The stellar and dark matter distributions in elliptical galaxies measured by stacked weak gravitational lensing

We investigate stellar mass and central dark matter density profiles of photometric luminous red galaxies with stellar masses of $\sim10^{10}-10^{12}M_\odot$ using weak gravitational lensing measurements from the Hyper Suprime-Cam Subaru Strategic Program data obtained with the Subaru Telescope. By stacking weak lensing signals from a large number of galaxies, we obtain average tangential shear profiles down to $\sim 10,\mathrm{kpc}/h$, which are fitted assuming a two-component model consisting of stellar and dark matter components to constrain their central dark matter distribution. We find a preference for non-zero core radii of dark matter distributions in galaxies with stellar masses of $\sim 10^{11}M_\odot$. Our results imply a stronger feedback effect than that typically predicted by current hydrodynamical simulations. In addition, we provide a new constraint on the stellar-to-halo mass relation, where both stellar and halo masses are, for the first time, directly constrained by weak gravitational lensing. Our results prefer the stellar initial mass function (IMF) that is more bottom-heavy than the Salpeter IMF.

💡 Research Summary

This paper presents the first systematic study of the stellar and dark‑matter density profiles in the centers of elliptical (luminous red) galaxies using stacked weak gravitational lensing from the Hyper Suprime‑Cam Subaru Strategic Program (HSC‑SSP). The authors select a photometric LRG sample covering ~1200 deg², with redshifts 0.05 ≤ z ≤ 1.25 and stellar masses 10^{10.3}–10^{12} M⊙ (initially derived assuming a Salpeter IMF). Using the HSC‑SSP three‑year shear catalog (≈430 deg², source density ≈23 arcmin⁻²), they measure the differential surface density ΔΣ(r) around the lenses by stacking the tangential shear of background galaxies. Background sources are assigned photometric redshifts from a DNN‑based estimator, and a stringent P(z) cut (Δz = 0.1, P_cut = 0.95) is applied to suppress dilution by physically associated galaxies.

The inner mass profile (0.013–0.1 Mpc h⁻¹) is modeled as the sum of a stellar component (Hernquist profile, with scale radius tied to the observed half‑light radius) and a dark‑matter component described by a cored power‑law density: ρ_DM ∝ (r² + r_c²)^{-(γ+2)/2}. This functional form allows analytic expressions for the lensing quantities Σ(r) and ΔΣ(r), facilitating a χ² fit to the stacked data. The free parameters are the fitted stellar mass M_*_fit, the dark‑matter normalization A, the outer slope γ, and the core radius r_c. The outer region (0.04–3 Mpc h⁻¹) is fitted with a truncated NFW halo for central galaxies, a satellite term derived from the Fourier transform of the same profile, and a 2‑halo term, allowing simultaneous constraints on the average halo mass M, the satellite fraction f_sat, and the typical host halo mass of satellites M_h.

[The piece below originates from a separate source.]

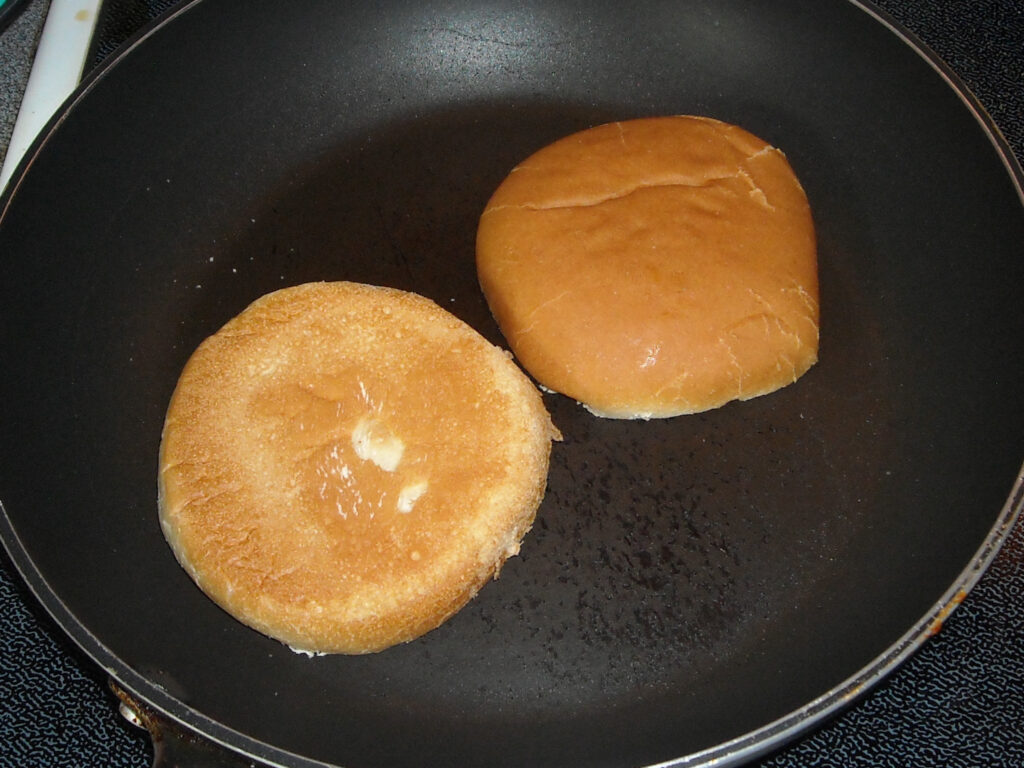 Burger-Brötli in einer Bratpfanne mit der Schnittfläche nach unten ca. 1 Min. rösten.
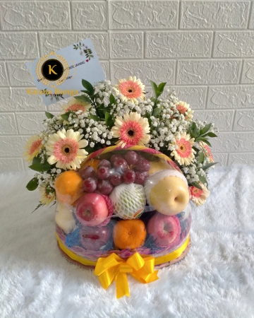 Rp 650.0001 Bh parcel buah bunga terdiri dari : Jeruk Pear Anggur Apel Mawar merah Bunga aster Baby breat

Key results: (1) For galaxies with M_* ≈ 10^{11} M⊙, the data strongly prefer a non‑zero core radius, r_c ≈ 0.02–0.05 Mpc h⁻¹, over a pure NFW cusp (Δχ² ≈ 5). The outer slope γ is close to 1, indicating an NFW‑like behavior at larger radii. (2) The fitted stellar masses are ∼30 % higher than the photometric estimates, implying a stellar IMF heavier than Salpeter (i.e., a bottom‑heavy IMF). (3) The derived stellar‑to‑halo mass relation lies above the canonical SHMR from abundance‑matching studies, suggesting that feedback in these systems is less efficient than predicted by current hydrodynamical simulations. (4) Comparison with state‑of‑the‑art simulations (EAGLE, IllustrisTNG) shows that the observed core sizes are significantly larger than the ≲0.01 Mpc h⁻¹ cores predicted for halos of this mass, indicating that stronger central feedback (e.g., more energetic AGN outflows) may be required.

Systematic tests—including varying the P(z) cut, propagating uncertainties in half‑light radii and stellar masses, and excluding the innermost 0.013 Mpc h⁻¹ where PSF and blending dominate—demonstrate that the core detection and IMF inference are robust. The study proves that stacked weak lensing can probe galaxy interiors down to ∼10 kpc, providing an independent avenue to disentangle stellar and dark‑matter contributions without relying on strong lensing or stellar dynamics. The authors conclude that their measurements place new constraints on the central dark‑matter structure of massive ellipticals and favor a bottom‑heavy IMF, offering valuable benchmarks for future surveys (LSST, Euclid, Roman) and for improving galaxy formation models.